** DATA FOR THE TASK follows **
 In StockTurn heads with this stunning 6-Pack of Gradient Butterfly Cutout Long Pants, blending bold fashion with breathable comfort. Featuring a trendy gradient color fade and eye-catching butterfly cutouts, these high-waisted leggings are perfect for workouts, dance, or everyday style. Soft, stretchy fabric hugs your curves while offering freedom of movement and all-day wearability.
** End of DATA FOR THE TASK **
** DATA FOR THE TASK follows **
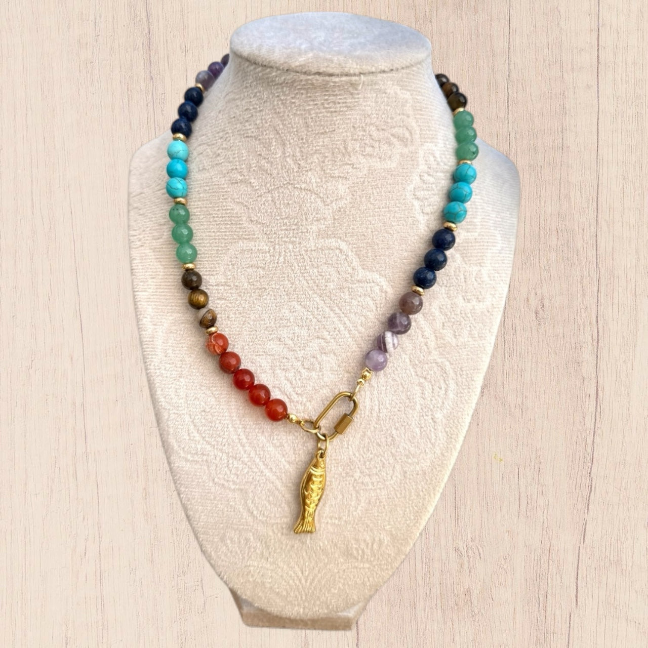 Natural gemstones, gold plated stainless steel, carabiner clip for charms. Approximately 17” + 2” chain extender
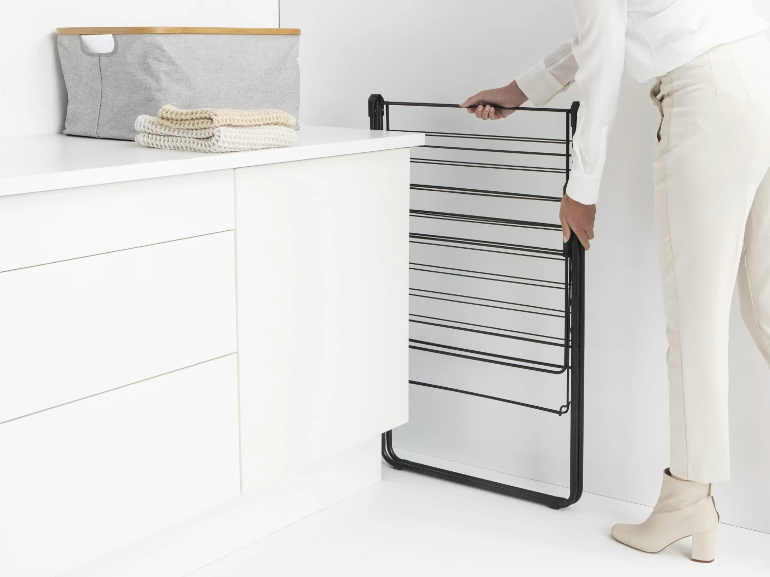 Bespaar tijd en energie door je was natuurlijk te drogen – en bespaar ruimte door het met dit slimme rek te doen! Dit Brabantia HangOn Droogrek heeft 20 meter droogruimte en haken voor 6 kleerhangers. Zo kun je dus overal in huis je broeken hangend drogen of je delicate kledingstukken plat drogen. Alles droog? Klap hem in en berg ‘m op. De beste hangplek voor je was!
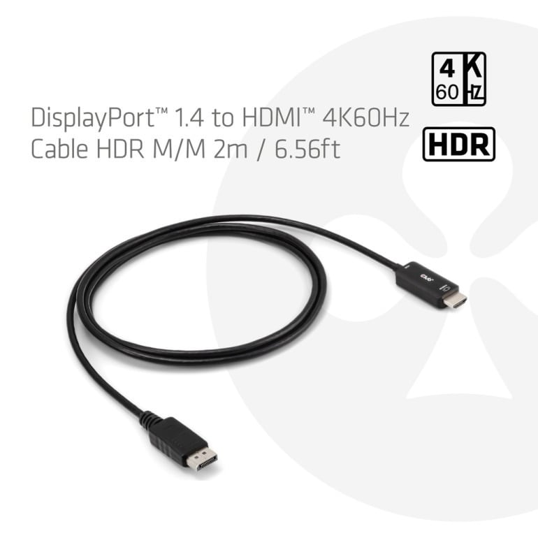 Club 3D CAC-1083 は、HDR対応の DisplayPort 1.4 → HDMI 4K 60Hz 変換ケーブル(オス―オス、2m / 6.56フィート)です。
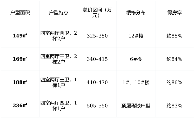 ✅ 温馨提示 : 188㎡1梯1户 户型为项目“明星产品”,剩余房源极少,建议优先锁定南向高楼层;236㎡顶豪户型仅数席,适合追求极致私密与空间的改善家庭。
** End of DATA FOR THE TASK **
DESCRIPTION OF THE TASK> Could the stretch from the line with "Natural gemstones, gold" through the line with "温馨提示 : 188㎡1梯1户" in the listing above be restated word for word, minus the pictures?

SOLUTION FOR THIS PROBLEM>
 Natural gemstones, gold plated stainless steel, carabiner clip for charms. Approximately 17” + 2” chain extender
 Bespaar tijd en energie door je was natuurlijk te drogen – en bespaar ruimte door het met dit slimme rek te doen! Dit Brabantia HangOn Droogrek heeft 20 meter droogruimte en haken voor 6 kleerhangers. Zo kun je dus overal in huis je broeken hangend drogen of je delicate kledingstukken plat drogen. Alles droog? Klap hem in en berg ‘m op. De beste hangplek voor je was!
 Club 3D CAC-1083 は、HDR対応の DisplayPort 1.4 → HDMI 4K 60Hz 変換ケーブル(オス―オス、2m / 6.56フィート)です。
 ✅ 温馨提示 : 188㎡1梯1户 户型为项目“明星产品”,剩余房源极少,建议优先锁定南向高楼层;236㎡顶豪户型仅数席,适合追求极致私密与空间的改善家庭。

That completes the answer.